Thiele: Wir sehen diese angesprochenen Themen wie Cybersicherheit, KI und Automatisierung als Enabler. Mit den immer stärker digitalisierten und vernetzten Systemen steigt auch der Bedarf an Cybersicherheit immer weiter. So wird es perspektivisch keine Lösungen, ganz gleich ob in der IT oder am Waffensystem, geben können, die nicht bereits in der Entwicklung nach dem Security by Design-Prinzip entworfen worden sind. Für diese Enabler-Themen haben wir bei Accenture Organisationseinheiten aufgestellt, die Expertise in genau diesen Bereichen bündeln. So haben wir beispielsweise für das Thema KI ein eigenes sogenanntes Data-and-AI-Studio in Brüssel aufgebaut, indem globale Experten gemeinsam an Kundenherausforderungen in den Themenfeldern Künstliche Intelligenz und Daten arbeiten. Dabei liegt der Schwerpunkt des Brüsseler Studios bei Kunden aus dem öffentlichen Sektor. Ein ähnliches Studio haben wir aber auch in München für Industriekunden. Die Relevanz des Themas Security kann man sicherlich auch daran ablesen, dass dieser Bereich bei Accenture einer mit dem größten Wachstum ist. Zudem planen wir, bis zum Jahr 2026 insgesamt 80.000 Mitarbeiter mit Expertise in Daten- und KI-Themen entweder einzustellen oder intern zu qualifizieren. Aus unserem Annual Report 2024 geht hervor, dass wir da auf einem sehr guten Weg sind. Bisher haben wir 57.000 dieser 80.000 erreicht.
ES&T: Welche spezifischen Angebote richten sich an B2B-Kunden? Gibt es spezielle Programme, die auf die Bedürfnisse von Industriepartnern oder Behörden zugeschnitten sind?
Thiele: Unsere Angebote sind grundsätzlich B2B und B2G, also auch Business-to-Government, ausgelegt. Zu meinem Verantwortungsbereich gehören die öffentlichen Kunden im Bereich Verteidigung, also der Bereich B2G. Wir versuchen aber insbesondere mit unseren B2B-Kollegen, die die Rüstungsindustrie verantworten, einen sehr engen Austausch zu pflegen. Wir sind der festen Überzeugung, dass es zwischen den einzelnen Kundensegmenten große Synergien gibt und wir einen Mehrwert für den Kunden schaffen, wenn wir die Bedürfnisse beider Seiten verstehen und entsprechend beraten.
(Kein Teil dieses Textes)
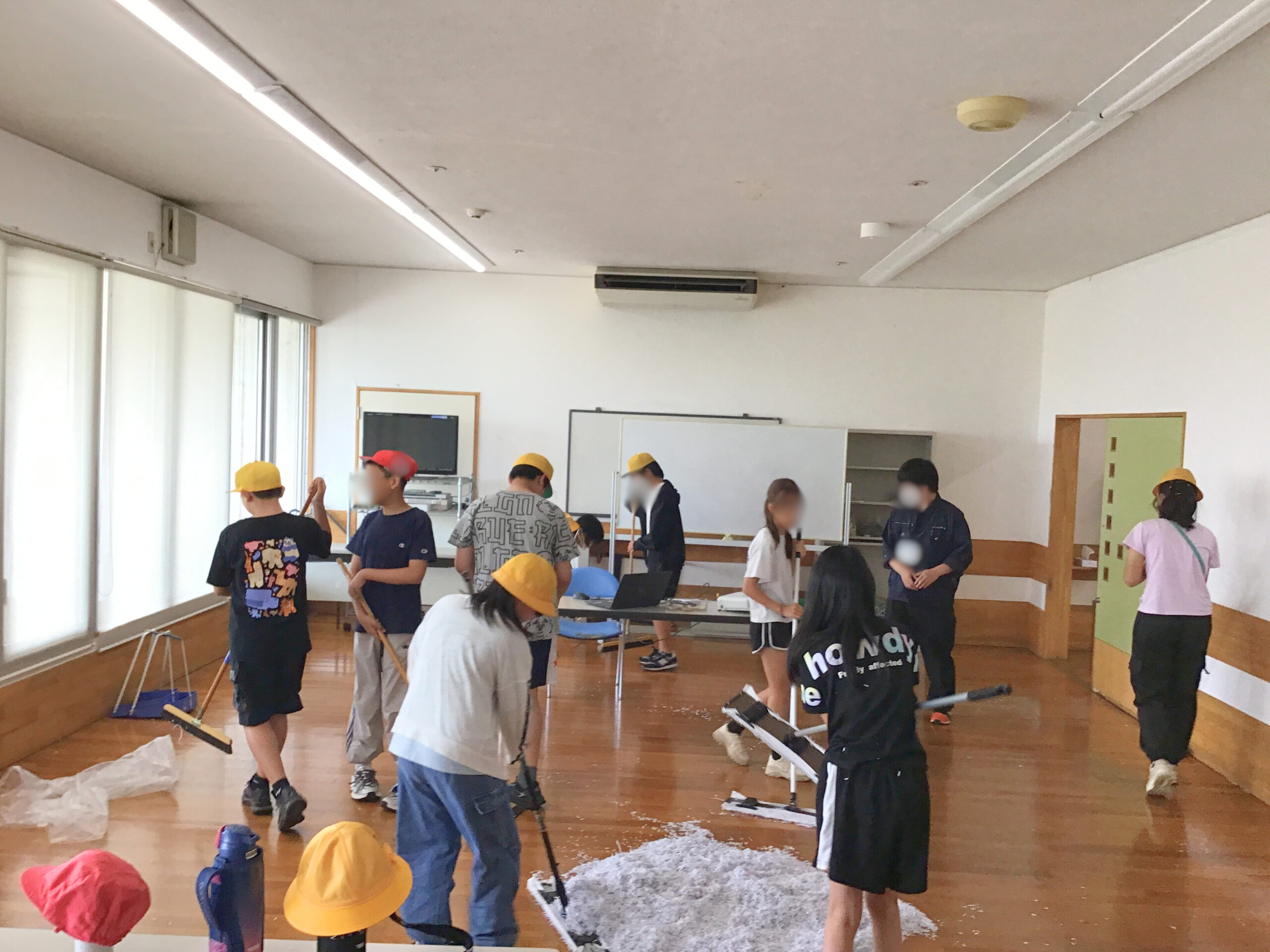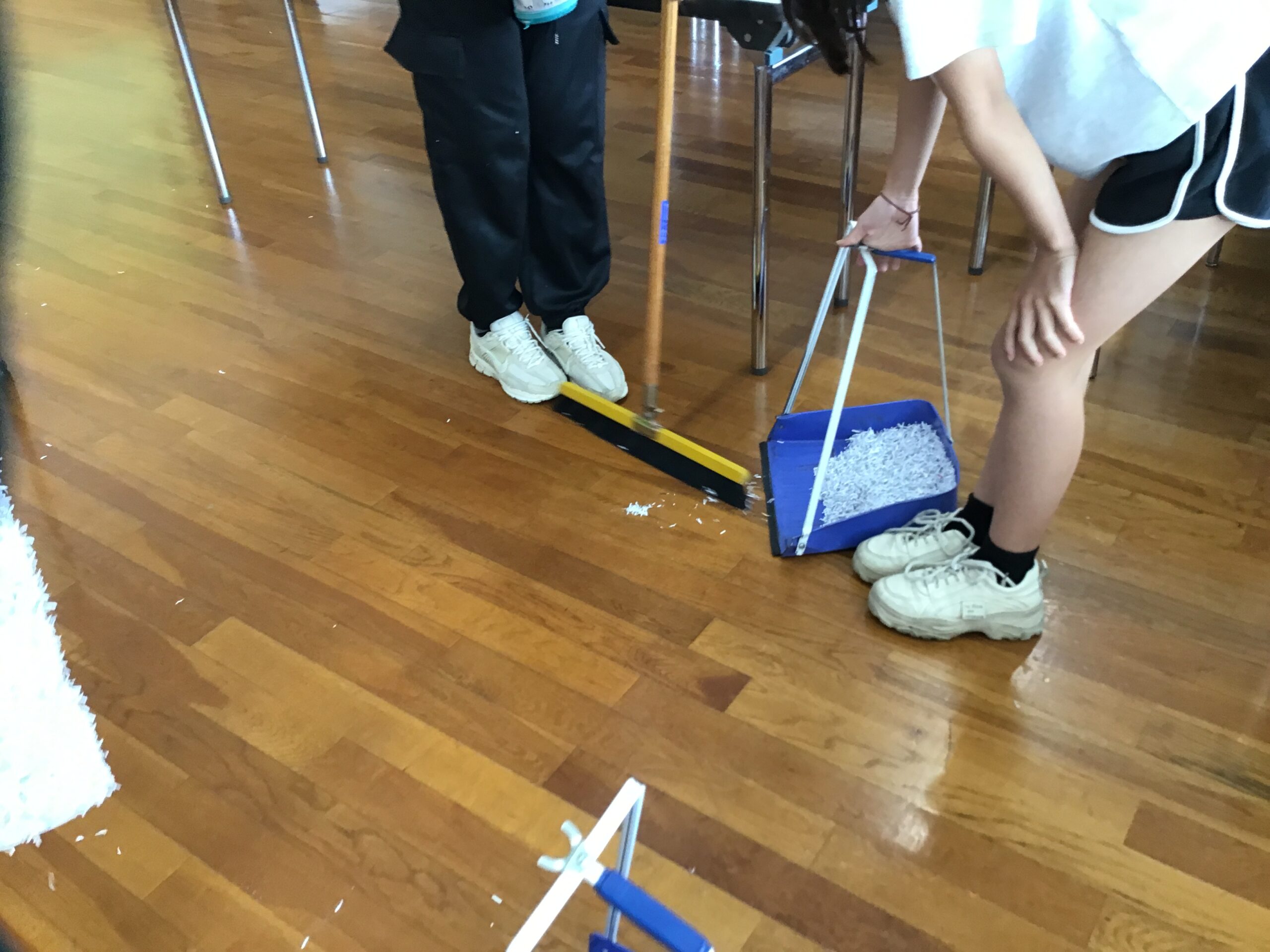 ほうきとダストモップを持って、全て1か所に集めます!!!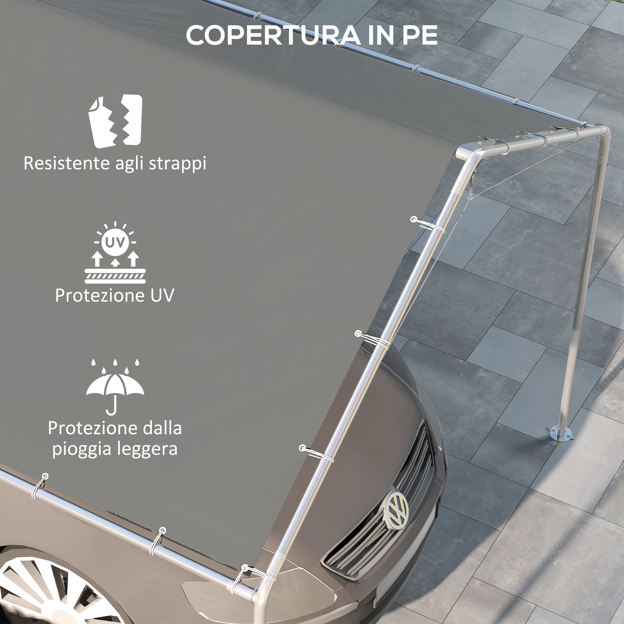 Copertura di Ricambio 6×3 m in PE Grigio Scuro Anti-UV per Carport Auto con Corde Elastiche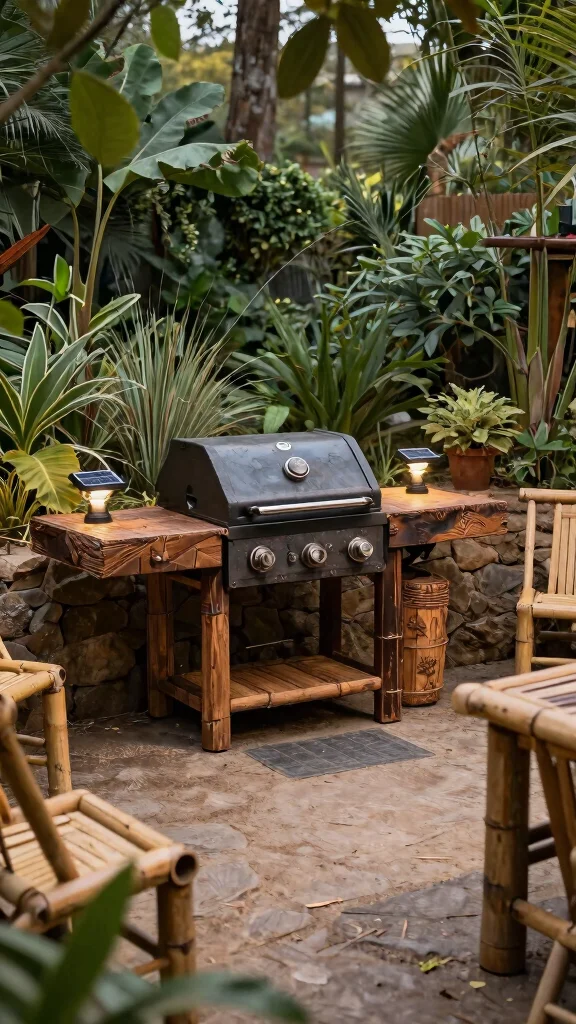 Opt for bamboo furniture that combines sustainability with style, and plant native species around your grill area to support local wildlife. This thoughtful design lets you grill guilt-free, making it a win-win for your backyard!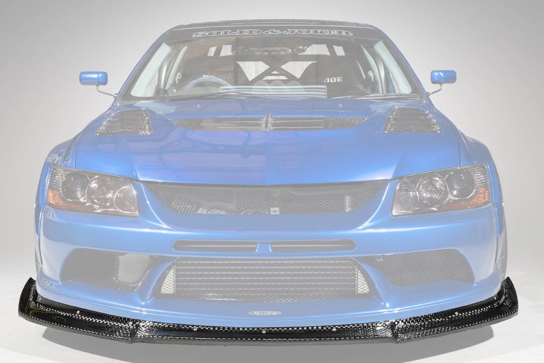 Featuring a 12k Carbon Fiber front lip to match the widebody FRP front bumper, this aero suite will make your Evo stand out without looking like it got lost looking for the Track.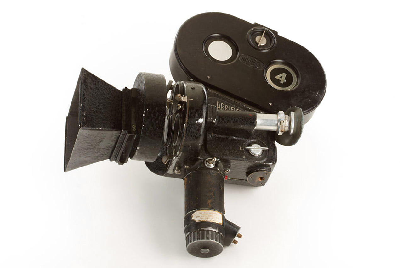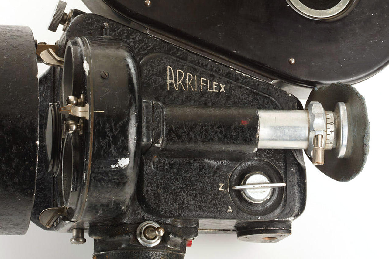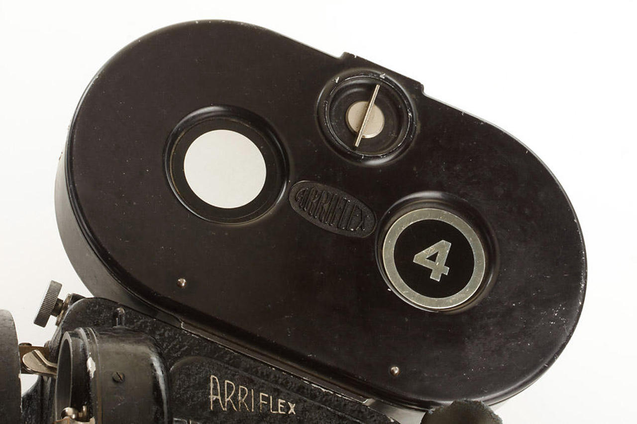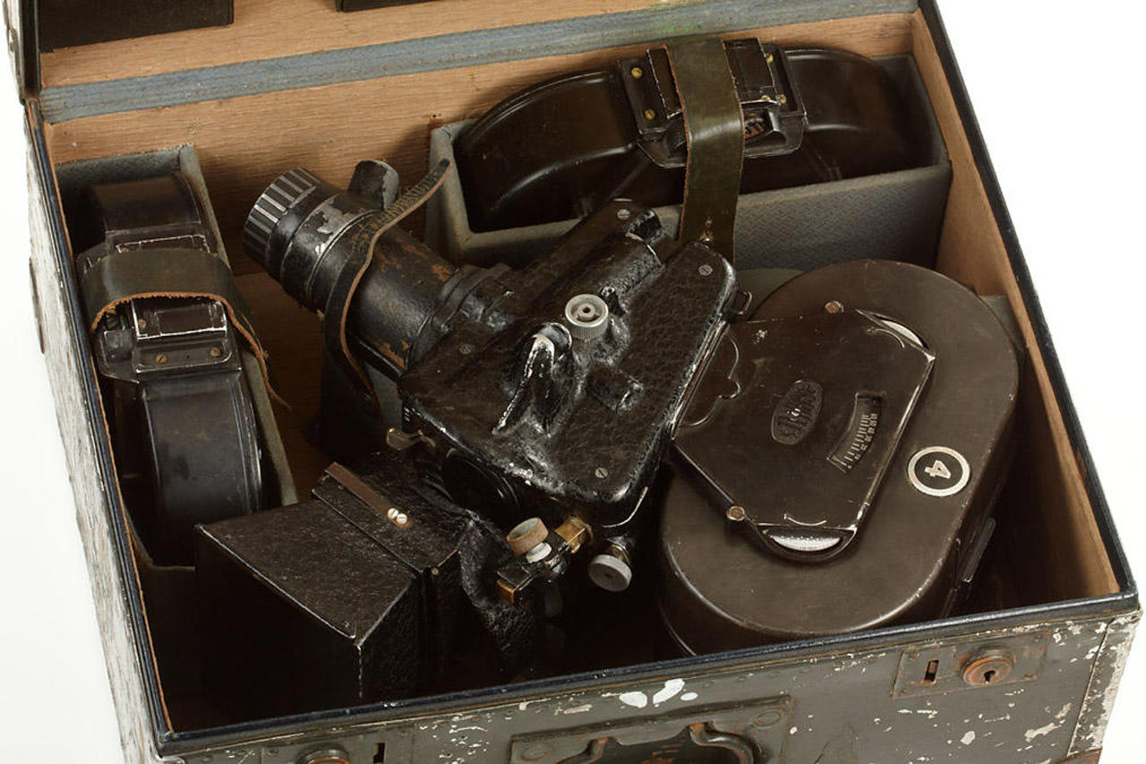 Arriflex 35 in the original olive Wehrmacht outfit box, including the matte box and 4 x 60m magazines. The camera has never been restored and is in original used condition, its shows all the early features like the square matte box holder and the film gate made of Pertinax (an early synthetic material). It seems that the set was prepared for the rough field service since it is marked inside the tap door: "Kamera und zugehörige Kassetten sind kältefest bis -50° C, daher keinesfalls schmieren!" (The camera and its magazines are cold-resistant up to -50°C - do not use grease!). The original motor is substituted by a later model. Also included is a rare ARRI Bakelite bayonet cover.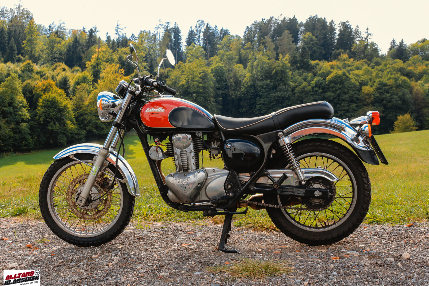 Viele Estrella-Besitzer in Österreich nutzten sie für genussvolle Ausfahrten am Wochenende – ideal für Touren in die Südsteiermark, den Wienerwald oder ins Salzkammergut. Das Motorrad hatte etwas Entschleunigendes: Man fuhr nicht, um anzukommen, sondern um unterwegs zu sein.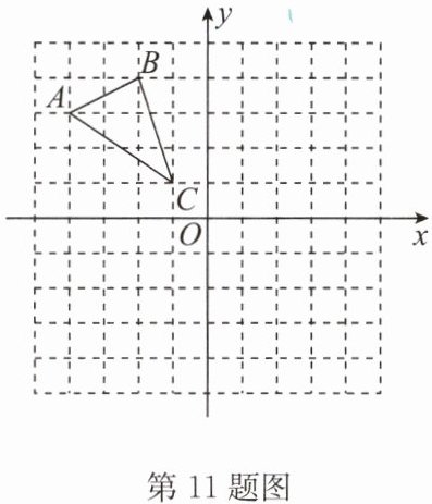 11. (2024·灌云县期末)如图,在平面直角坐标系中,$△ABC三个顶点的坐标分别为A(-4,3),B(-2,4),C(-1,1)$.若$△ABC$向右平移5个单位长度,再向下平移3个单位长度得到$△A'B'C'$,点A,B,C的对应点分别为$A',B',C'$.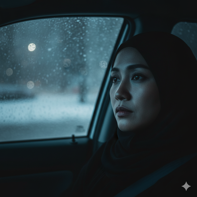 Potret close-up seorang wanita Indonesia di dalam mobil pada malam bersalju. Jendela mobil berembun, salju tampak blur di luar. Cahaya biru dari dashboard menerangi wajahnya yang merenung. Shallow depth of field, tone gelap dan moody, cinematic portrait. –ar 4:5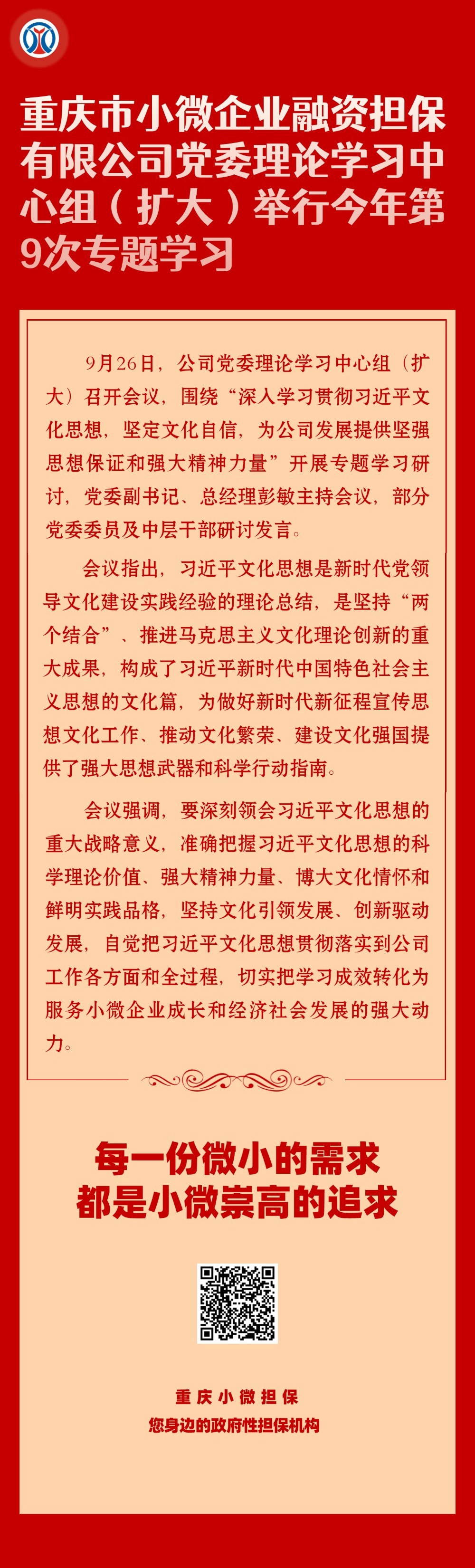 重庆市小微企业融资担保有限公司党委理论学习中心组(扩大)举行今年第9次专题学习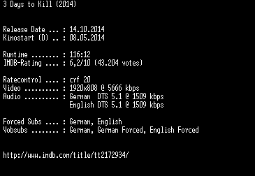 | FiLENAME: | 3.Days.to.Kill.German.DL.1080p.BluRay.x264-EXQUiSiTE.mkv |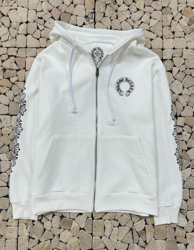 크롬하츠 화이트 홀스슈 기모 오버핏 후드집업
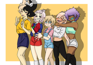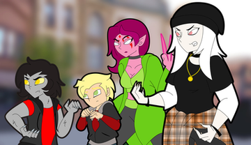 The blond girl is Nia and the green hair boy is Astro whose girlfriend is Maria, the 3 eyed girl is Vera and the cool girl is Amber.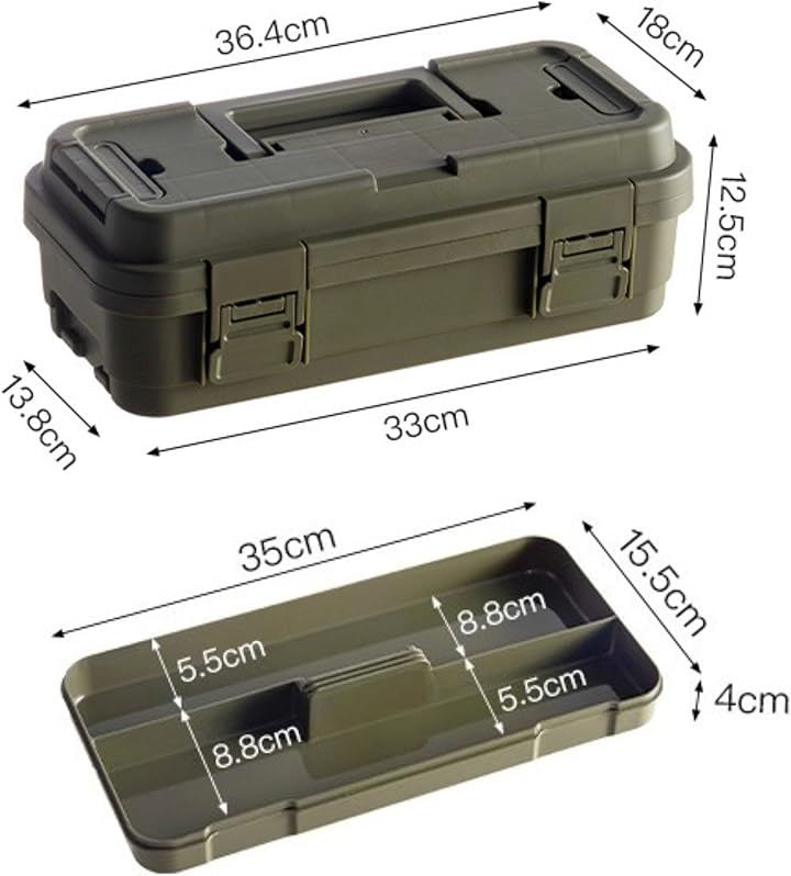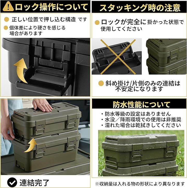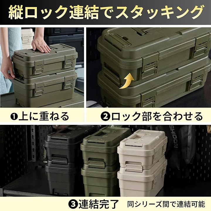 「仕様」 容量:約4L 外寸:約 幅36.4x奥行18x高さ12.5cm(底面約33x13.8cm) 材質:プラスチック カラー:ブラック/グリーン 付属:仕切り(トレー) 機能:連結ロック・スタッキング *同シリーズと連結互換。

ES&T: Interoperabilität ist ein Schlüsselfaktor im Verteidigungsbereich. Welche Ansätze verfolgt Accenture, um den nahtlosen Einsatz unterschiedlicher Systeme und Technologien zu gewährleisten?
Thiele: Interoperabilität ist eine der Schlüsselfähigkeiten moderner Streitkräfte. Gerade das Beispiel CSE zeigt, dass Silos aufgebrochen werden und die Integration verschiedener Systeme gelingen müssen. Dies denken wir bei unseren Angeboten immer von Anfang an mit.
ES&T: Welche Herausforderungen und Chancen sehen Sie für Accenture im europäischen Verteidigungs- und Sicherheitsmarkt, insbesondere in der Zusammenarbeit mit der Bundeswehr und anderen Streitkräften?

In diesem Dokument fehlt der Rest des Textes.